To me you seem warm toned or neutral warm even though your face seems more pink. 

I also have the same issue, I've been matched to warm, cool and neutral foundations before. My arms and neck are more beige but not quite yellow, I know this coz like you I've compared myself with true yellow undertones like my mom and sister. My ethnicity is Persian with a Russian grandmother...again this cant help coz Persians can be ghostly white or as dark as say an Indian person. I look absolutely horrid in yellow, copper or orange clothing...based on my own judgment, all my friends and all sales ppl I've encountered. My best colours are blue, gray and bright pink.

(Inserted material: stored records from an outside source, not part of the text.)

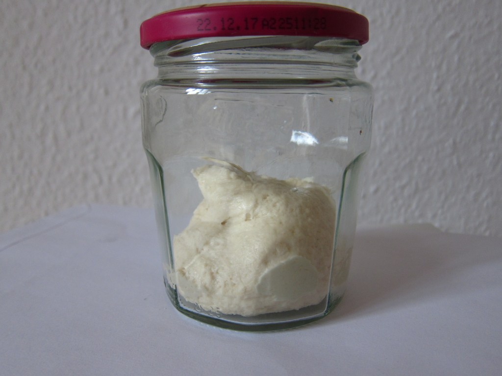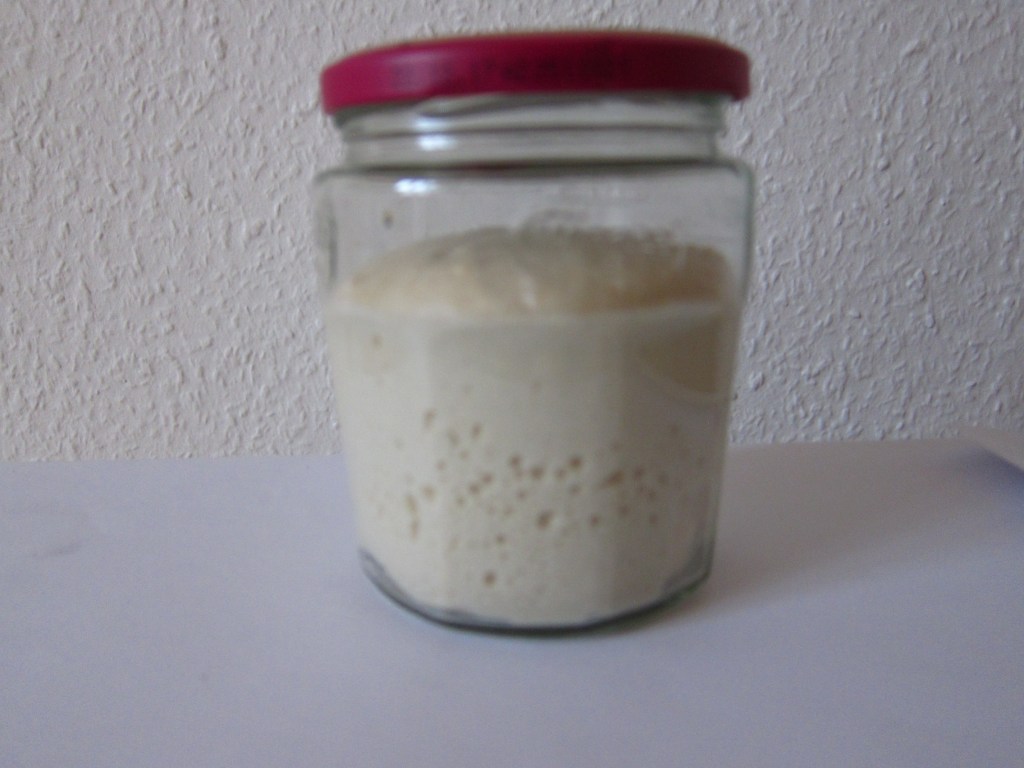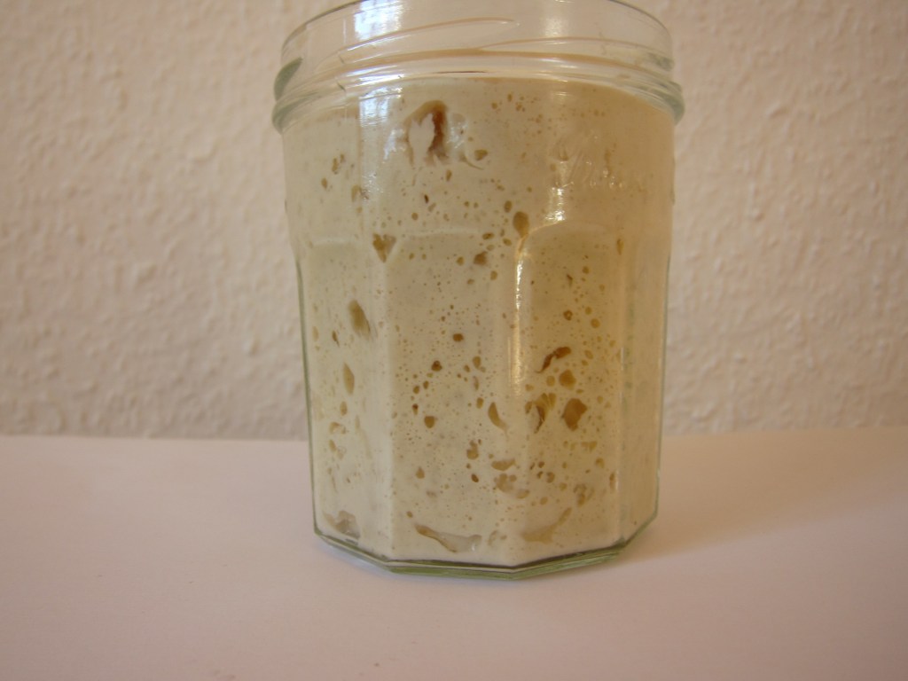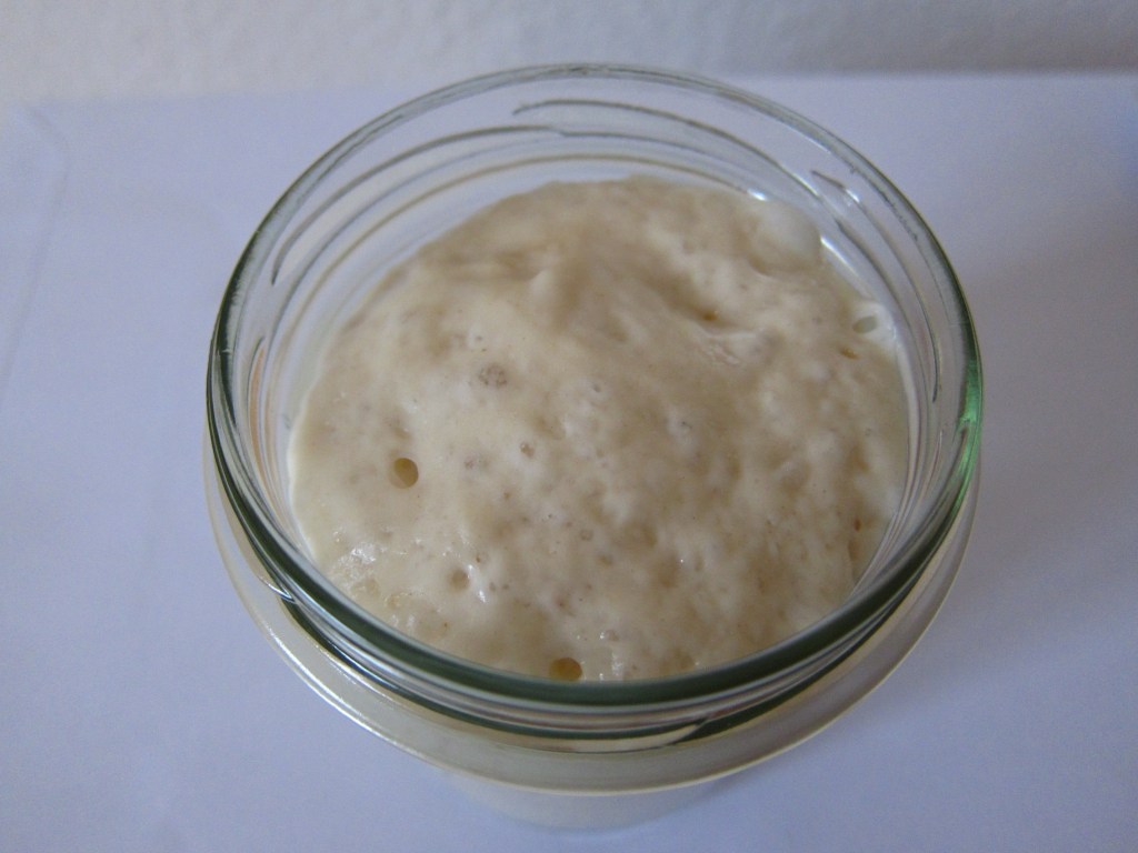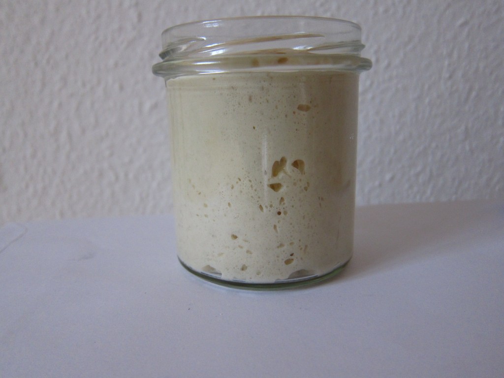 Falls das nicht der Fall sein sollte, läßt man ihn so lange stehen – eventuell dabei an einen wärmeren Ort stellen – bis er sich deutlich entwickelt hat und die Oberfläche von vielen Bläschen durchzogen ist.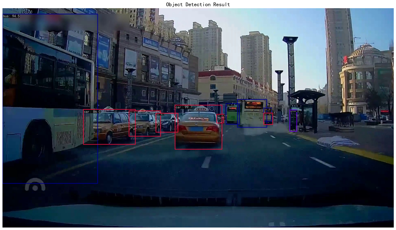 - 大目标检测效果较好: 汽车、公交车等大尺寸物体检测准确率较高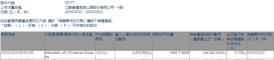 智通财经APP获悉,香港联交所最新资料显示,3月16日,Mitsubishi UFJ Financial Group,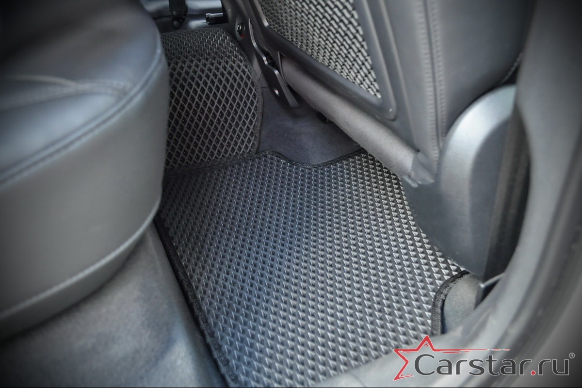Толщина ковриков EVA составляет 10-12 мм. Глубина ячеек 7-8 мм. Такая толщина ковриков позволяет им служить довольно долго, не протираясь до 3 лет. А благодаря такой глубине ячеек коврик EVA площадью 1 кв.м. способен захватить около 3,5 л жидкости, сохраняя в чистоте вашу обувь и обивку салона.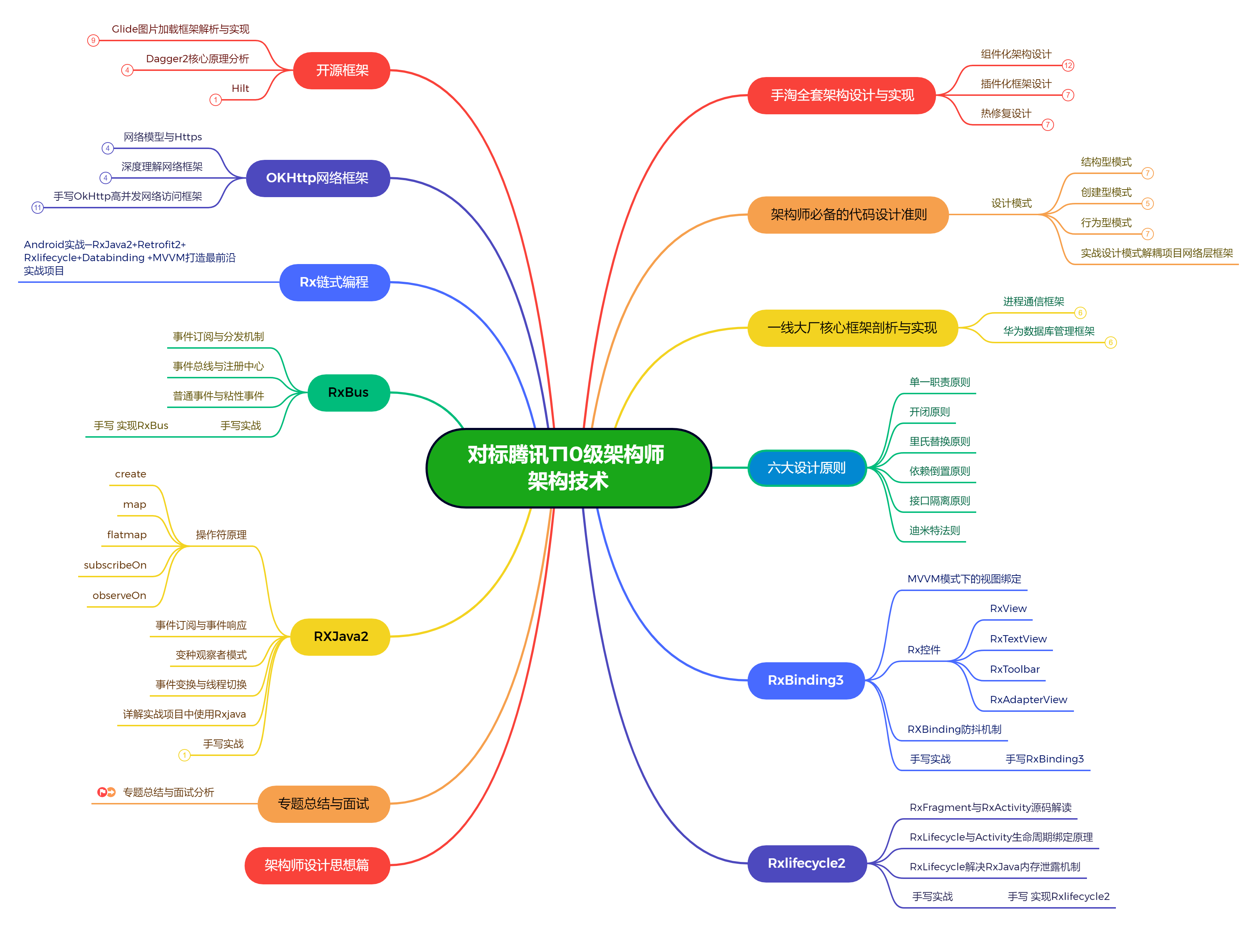 好了,今天有关于 MVC、MVP、MVVM 的框架设计的阐述就到这里了;为了帮助大家了解更多架构师必备的技术知识,这里特别提供一份由腾讯大佬所整理的一份进阶架构师的思维导图及其配套的一份学习手册;有需要思维导图及学习笔记的朋友: 可以私信发送 “架构” 即可 直达获取;希望大家看完之后能给大家一些帮助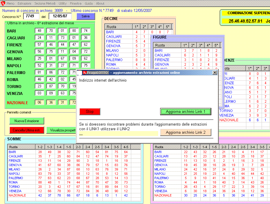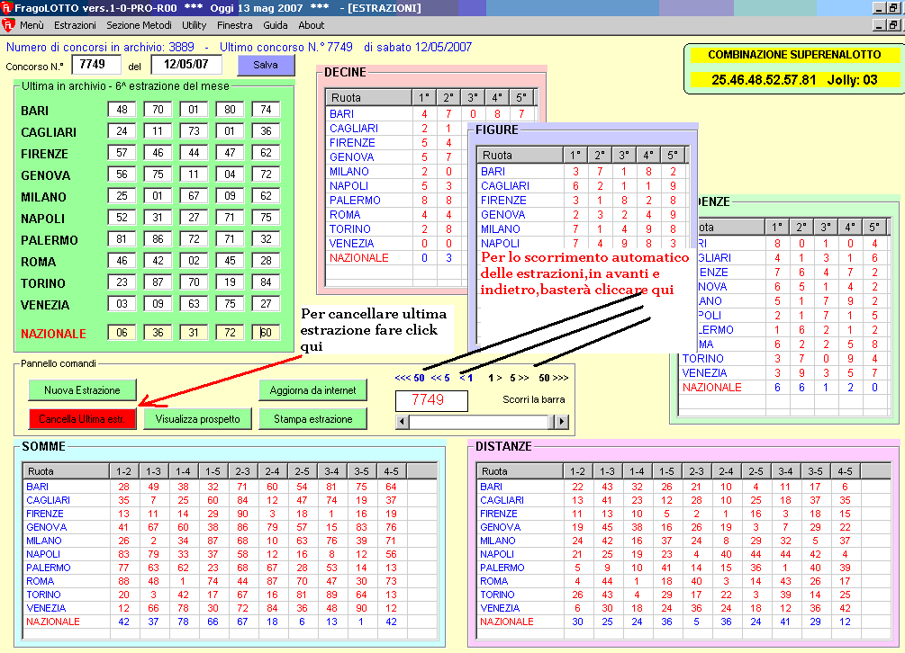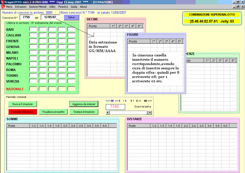 Iniziamo il nostro tour guidato, partendo dal pannello estrazionale, ove impareremo l'inserimento di una nuova estrazione, la modifica della stessa, la stampa e la eliminazione. Inserimento di una estrazione L'estrazione sarà possibile inserirla manualmente,oppure automaticamente collegandoci ad internet. Per l'inserimento manuale, troverete sotto una immagine che vi chiarirà le operazioni da svolgere.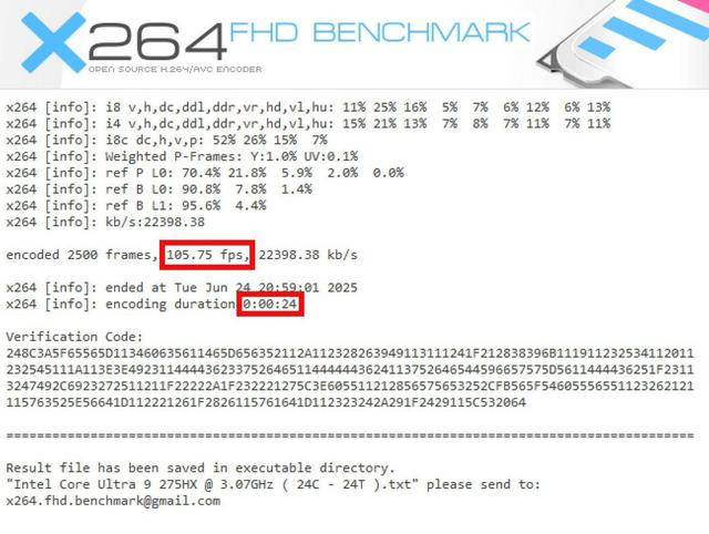 英特尔酷睿处理器在视频编码方面一直以来有着出色表现,H.264 2500帧编码帧率达到了105.75fps,完成时间仅为24秒。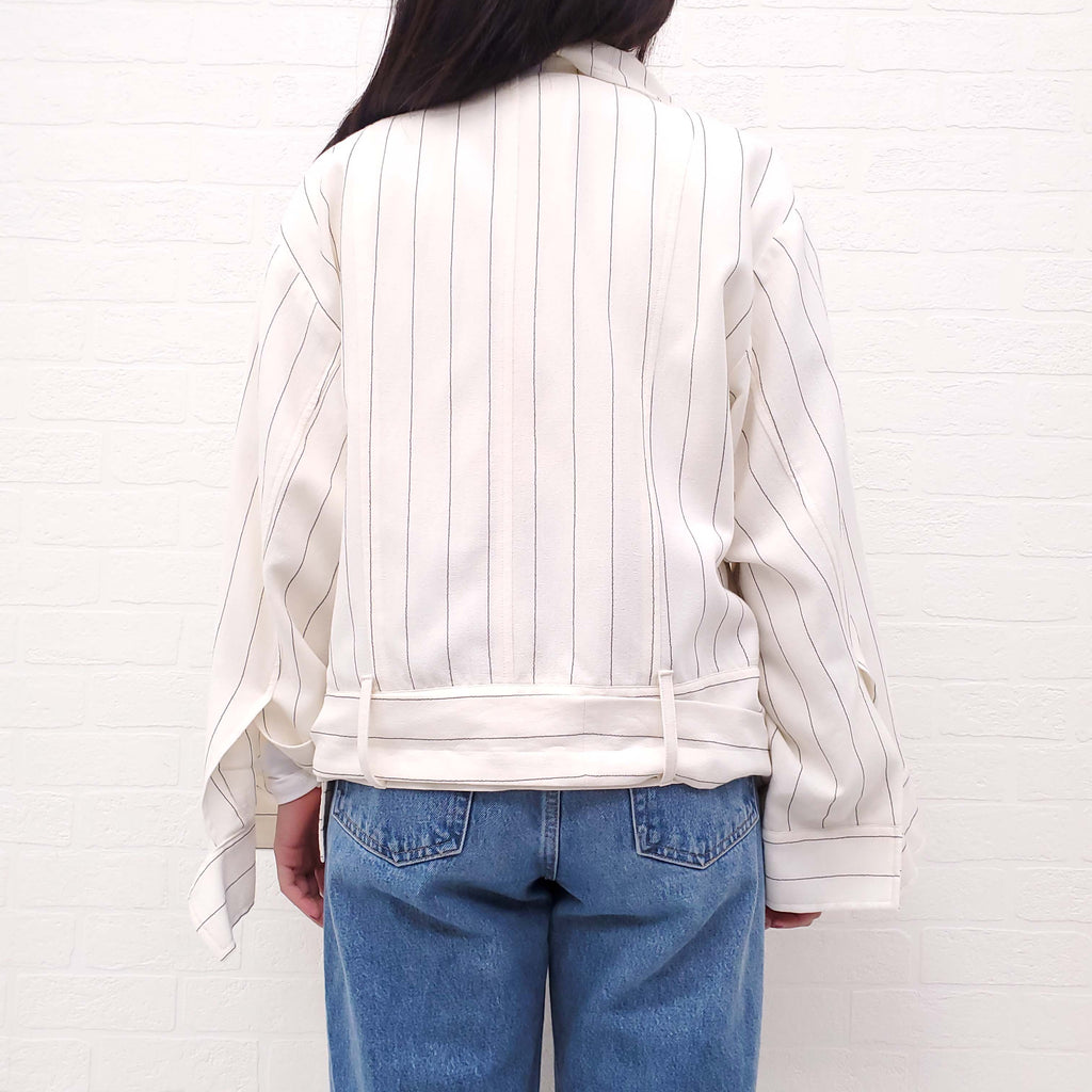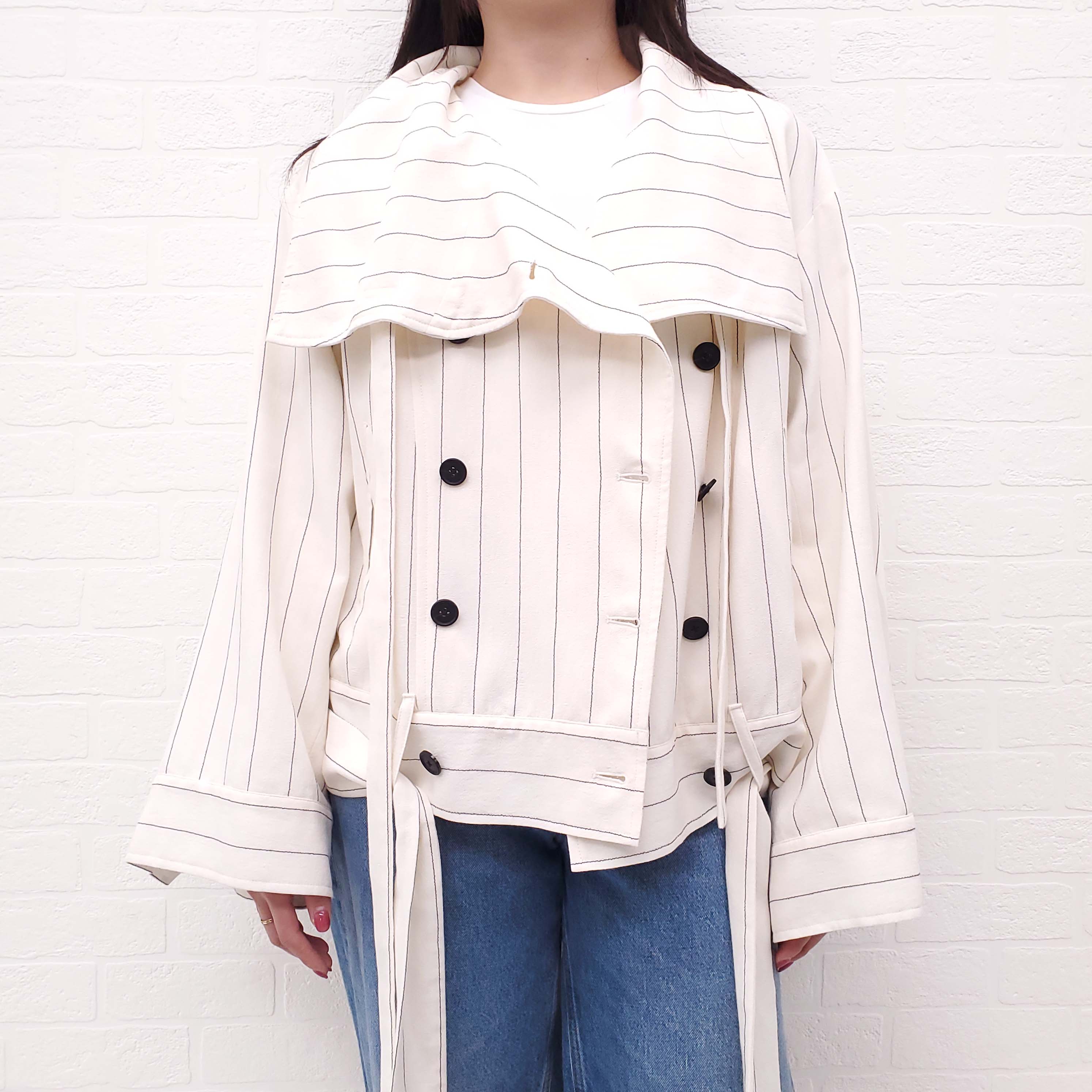 DANIEL GREGORY NATALE CREAM AND BLACK PIN STRIPE DOUBLE BREASTED FUNNEL NECK JACKET

My face has a lot of pink in it. I can wear both cool and warm foundations but I've decided lately that I'll stick to neutral warm. I do not want to emphaszie the pink face if you know what I mean.


----------



## kathyp (Sep 10, 2009)

Quote:

  I've compared myself with true yellow undertones like my mom and sister.  
 
Next to my dad, who has very olive/golden skin, I look very pink, but next to my mom, my skin's undertones look warmer, slightly peach, but I usually wear cooler foundation colors. Yellow based foundation makes me look jaundiced. Truly neutral foundations are getting harder and harder to find, though I've had better luck with Prescriptives or MUFE than MAC.


----------



## Shadowy Lady (Sep 10, 2009)

Quote:

   Originally Posted by *kathyp* 

 
_Next to my dad, who has very olive/golden skin, I look very pink, but next to my mom, my skin's undertones look warmer, slightly peach, but I usually wear cooler foundation colors. Yellow based foundation makes me look jaundiced. Truly neutral foundations are getting harder and harder to find, though I've had better luck with Prescriptives or MUFE than MAC._

 
I do love MUFE! I just got matched (and bought) their HD foundation in 118 as it's the best match I've ever had. It's described as a "light skin with beige undertones" which I figure is dead on. Ppl tell me my skin looks perfect w/o looking like I'm wearing anything
	

	
	
		
		

		
		
	


	




I def think MAC's foundations are either too peachy or too yellow. They don't really have more neutral or beige foundations


----------